- _PROBLEM_: Starting with the line that contains "Claude Lorrain (1600-1682), seguace", return every line through the end of the listing below exactly as written. Omit the pictures.

- _TASK MATERIAL_:
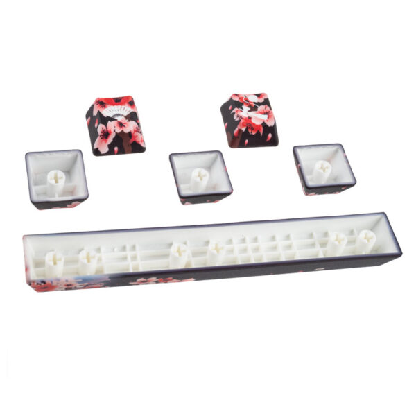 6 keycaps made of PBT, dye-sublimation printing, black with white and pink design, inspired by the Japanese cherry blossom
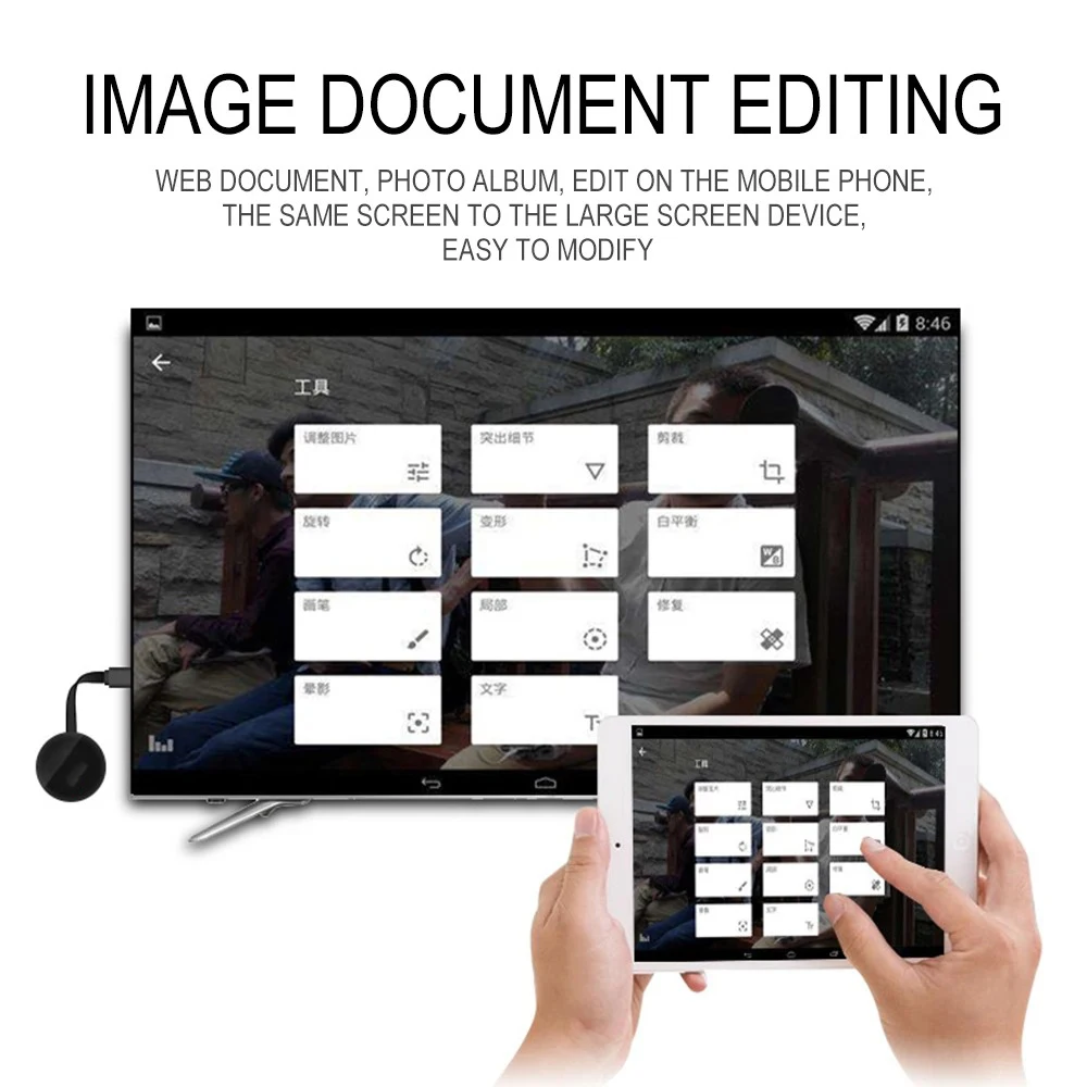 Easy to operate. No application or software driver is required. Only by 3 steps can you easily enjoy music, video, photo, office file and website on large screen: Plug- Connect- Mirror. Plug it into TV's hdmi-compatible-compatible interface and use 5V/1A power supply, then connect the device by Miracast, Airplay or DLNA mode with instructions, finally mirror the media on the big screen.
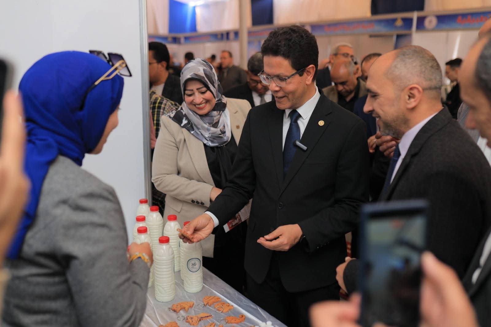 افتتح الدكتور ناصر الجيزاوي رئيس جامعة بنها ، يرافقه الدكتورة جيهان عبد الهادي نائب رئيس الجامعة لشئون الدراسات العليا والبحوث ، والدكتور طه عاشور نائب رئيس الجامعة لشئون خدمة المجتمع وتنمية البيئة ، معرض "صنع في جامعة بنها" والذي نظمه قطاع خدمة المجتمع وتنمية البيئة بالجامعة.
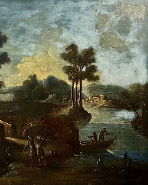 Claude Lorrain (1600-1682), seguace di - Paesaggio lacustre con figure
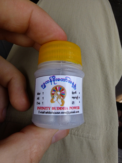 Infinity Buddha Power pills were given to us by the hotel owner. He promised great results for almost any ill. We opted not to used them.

- _RESPONSE TO THE EXERCISE_:
 Claude Lorrain (1600-1682), seguace di - Paesaggio lacustre con figure
 Infinity Buddha Power pills were given to us by the hotel owner. He promised great results for almost any ill. We opted not to used them.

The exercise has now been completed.